British sculptor (born 1965)

Eleanor Cardozo is a British artist and sculptor based in Switzerland, most known for her bronze sculptures. In 2012, she made a set of five sculptures of gymnasts which were displayed in Britain during the Olympics.

== Early life and education ==
Cardozo was born in London in 1965. The second of ten children, she was brought up in many different countries including Malaysia, Malawi, Ghana, Cyprus, Germany and Gibraltar where her father was posted as a Military Attaché. Cardozo attended St Mary's School in Shaftesbury with five of her sisters.
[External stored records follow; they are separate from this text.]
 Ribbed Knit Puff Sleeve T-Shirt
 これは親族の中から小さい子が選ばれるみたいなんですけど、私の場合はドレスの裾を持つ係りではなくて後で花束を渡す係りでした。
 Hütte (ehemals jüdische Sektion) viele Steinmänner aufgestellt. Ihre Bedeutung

Her mother taught violin and piano to all the children and her parents encouraged music and art at home.

Cardozo's grandmother was an artist at the Royal Academy and there were several painters in her father's family. She was interested in arts and drawing since her childhood, but when she was 15, her art master advised her to focus on sculpture as well as drawing. During her school life, she also trained in gymnastics and up till the age of 17 participated in county level gymnastic competitions.
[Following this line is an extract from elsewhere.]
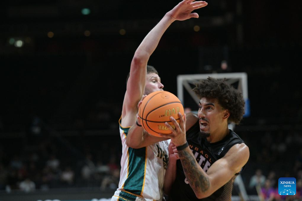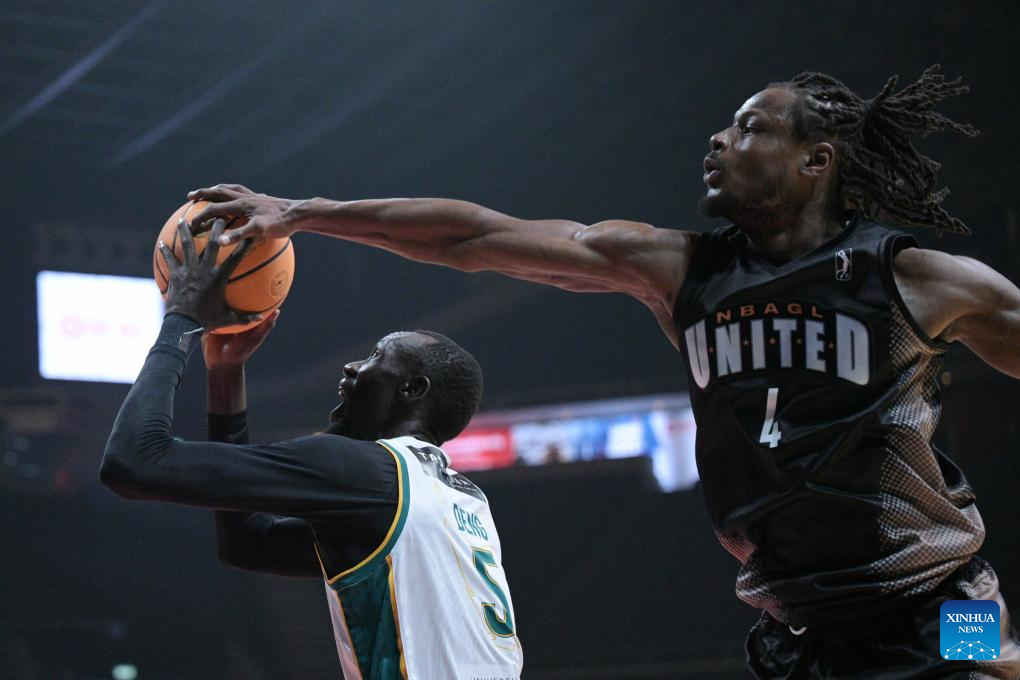 Deonte Burton (R) of NBA G League United defends Majok Deng of Tasmania JackJumpers during the group B match between NBA G League United of the United States and Tasmania JackJumpers of Australia at the FIBA Intercontinental Cup Singapore 2024 in Singapore, Sept. 14, 2024. (Photo by Then Chih Wey/Xinhua)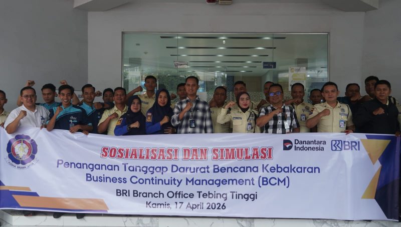 Implementasi Business Continuity Management (BCM) atau Manajemen Kelangsungan Usaha (MKU) terus diperkuat oleh seluruh unit kerja perbankan sebagai langkah strategis dalam menjaga stabilitas operasional di tengah potensi risiko bencana. Sebagai bagian dari komitmen tersebut, BRI Branch Office (BO) Tebing Tinggi melaksanakan kegiatan simulasi penanganan darurat bencana yang berlangsung di halaman depan Gedung Kantor BRI BO Tebing Tinggi, Jumat (17/4/2026)

Cardozo was trained in sculpture at the City and Guilds of London Art School and in portraiture at the Cecil Graves school in Florence.

== Career ==
In 2010, she displayed a number of works at Harrods, on the invitation of Mohamed Al-Fayed. The exhibition was very popular and was extended by a month. Later that year she displayed her work at the Beau-Rivage Palace hotel in Lausanne, next door to the Olympic Museum.
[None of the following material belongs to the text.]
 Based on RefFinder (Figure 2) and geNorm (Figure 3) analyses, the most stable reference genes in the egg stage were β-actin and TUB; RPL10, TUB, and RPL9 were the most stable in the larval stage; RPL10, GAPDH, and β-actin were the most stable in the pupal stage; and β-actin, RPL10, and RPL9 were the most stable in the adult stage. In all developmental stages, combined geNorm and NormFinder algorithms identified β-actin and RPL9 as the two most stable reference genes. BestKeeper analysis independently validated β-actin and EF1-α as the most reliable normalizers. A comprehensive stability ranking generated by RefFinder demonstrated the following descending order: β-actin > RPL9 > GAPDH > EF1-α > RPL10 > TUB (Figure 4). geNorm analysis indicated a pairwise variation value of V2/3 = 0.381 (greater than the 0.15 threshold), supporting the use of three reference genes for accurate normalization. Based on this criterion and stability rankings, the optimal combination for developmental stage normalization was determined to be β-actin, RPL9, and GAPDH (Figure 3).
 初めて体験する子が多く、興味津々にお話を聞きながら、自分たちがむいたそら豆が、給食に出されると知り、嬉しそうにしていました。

The International Olympic Committee suggested she include her work at the London 2012 Olympics. David Cameron encouraged her to work with LOCOG for the 2012 Cultural Olympiad but it was the Fine Art Expo Gallery at Heathrow Terminal 5 who commissioned her to make a three-metre gymnast, Promise, for the terminal concourse. It was dedicated to Frankie Jones, Team GB Rhythmic Gymnastics, who performed in front of the sculpture for the BBC in January 2012. Youth with a Mission subsequently commissioned a second three-metre public monument Poise for display outside Westminster Abbey and a collection of bronze gymnasts to be exhibited inside the Abbey. The Telegraph called her exhibition "one of the most inspiring and insightful Olympics-themed exhibitions taking place in London." Hampstead Theatre requested a solo exhibition of Cardozo's work, to coincide with their production of Chariots of Fire. For the duration of the 2012 Olympics and Paralympic Games, Cardozo's sculptures were on public display at Gatwick Airport, Heathrow T5, Kensington Palace Gardens, Bond Street and Westminster Abbey.

In 2012, Bedat & Co selected her as their ambassador and titled her "woman of calibre."

In 2013 her monument sculptures were requested for public exhibition at Knightsbridge, at the Four Seasons Hotel London at Park Lane and at Wellington Barracks and in Berkley Square. Petra Ecclestone commissioned a full body bronze sculpture which was delivered to her in January 2013. Later that same year Cardozo made some sculptures for Cirque du Soleil and displayed her sculptures at the Henley Festival. She has been influenced by Michelangelo, Da Vinci and Donatello.

As of November 2012, Poise is standing in front of the Palais Wilson. It was bought by the owner of the President Wilson Hotel, Charles Tamman in 2012, who plans on keeping it there.

== Personal life ==
Cardozo is married and has three children. Her husband is a banker. They lived in London till 1998 and then moved to Switzerland.